Princeton University has restricted travel for students, faculty, and staff members, prohibiting them from visiting countries where the COVID-19 virus has spread: Mainland China, South Korea, Italy, and Iran. The university is advising anyone coming back from those countries to self-quarantine for two weeks upon their return.

It is also recommending cancelling or rescheduling visits to Japan and Mongolia.

“There is an understandably high level of concern as this virus spreads, and we are closely monitoring the evolving situation,” the university wrote on its website. “Beyond mainland China, several other countries are now reporting localized COVID-19 outbreaks.”

The travel restrictions are aligned with travel health notices issued by the U.S. Centers for Disease Control and Prevention as well as the U.S. Department of State. The university policy allows exceptions “only in rare circumstances” and with advance permission, according to a written policy.

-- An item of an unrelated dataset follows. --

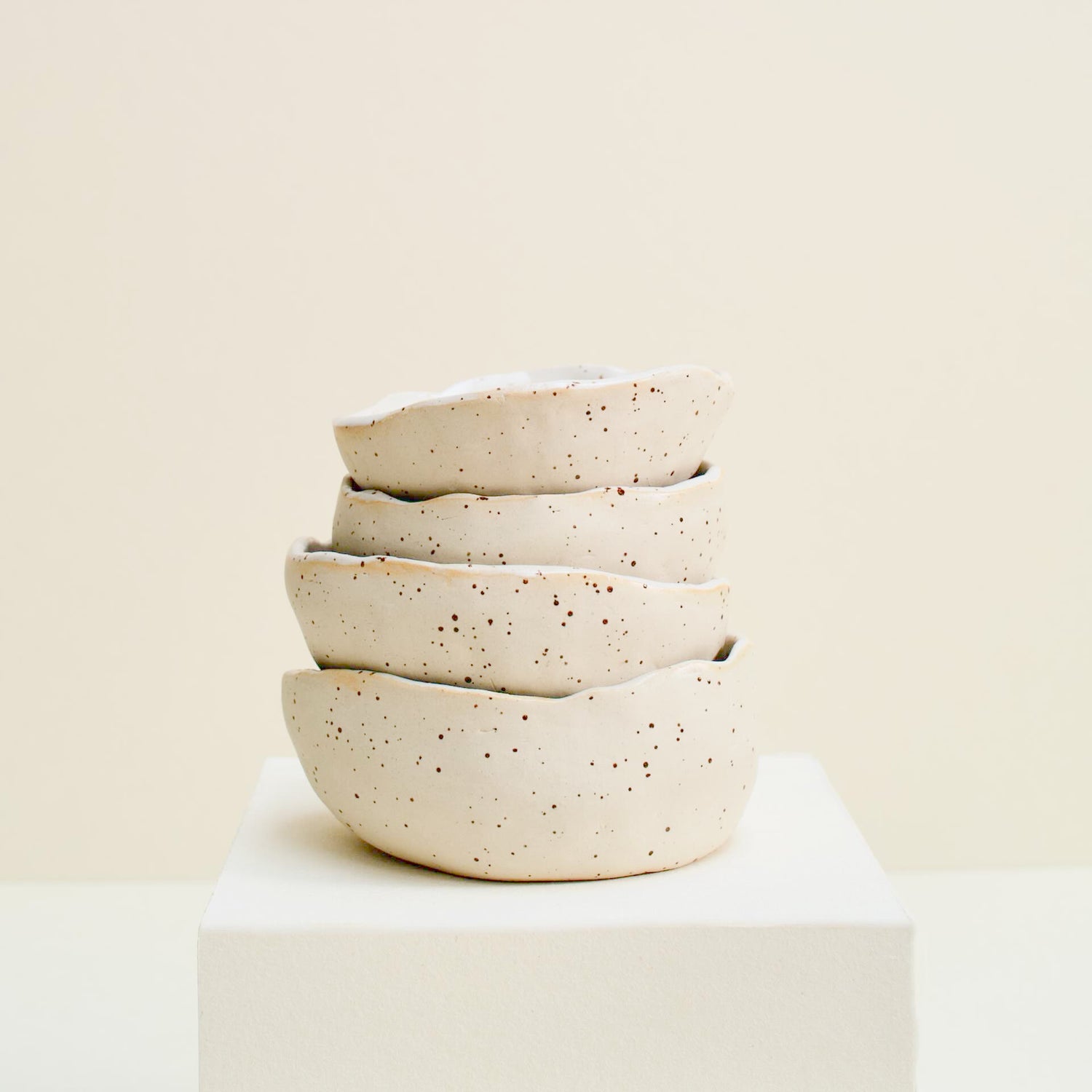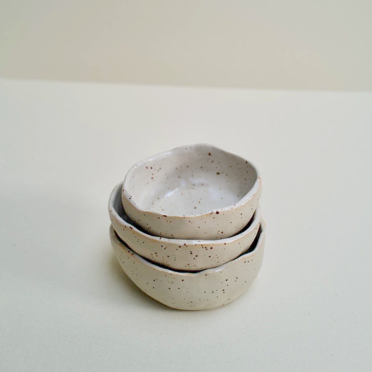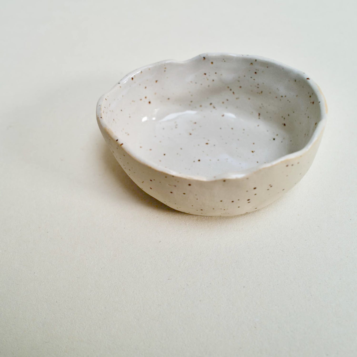 Organic shaped bowl, perfect for serving some olives, tapenade, nuts or chips, glazed with a white / transparent glaze and fired at 1220˚C.

Princeton University has sought to cultivate ties with China in recent years, and has operated an office in Beijing since 2014. The Princeton China Center is located on the campus of Tsinghua University and exists to support faculty, students, and staff studying or conducting research in China.

Similarly, Princeton University Press opened an office in Beijing in 2017, to sell books on the Chinese market. (U.S. 1, February 7, 2018.)

In a letter to the campus community on March 3, university president Christopher Eisgruber acknowledged that disruptions to campus life were likely.

“We are bound to face significant inconveniences and disruptions in the days and weeks ahead. Public health situations like the one presented by Covid-19 are, by their very nature, unpredictable and constantly changing. We will continue to work with our local, state, and federal partners to prepare for and deal with new challenges as they arise,” he wrote.

“Given the risks posed by the virus and how little is known about it, we will likely have to make some difficult choices as situations arise. Our top priority must be to support the health and wellbeing of our community as we continue to advance our teaching and research mission. Though we will try our best to minimize resulting burdens, I do not expect that we can eliminate them.”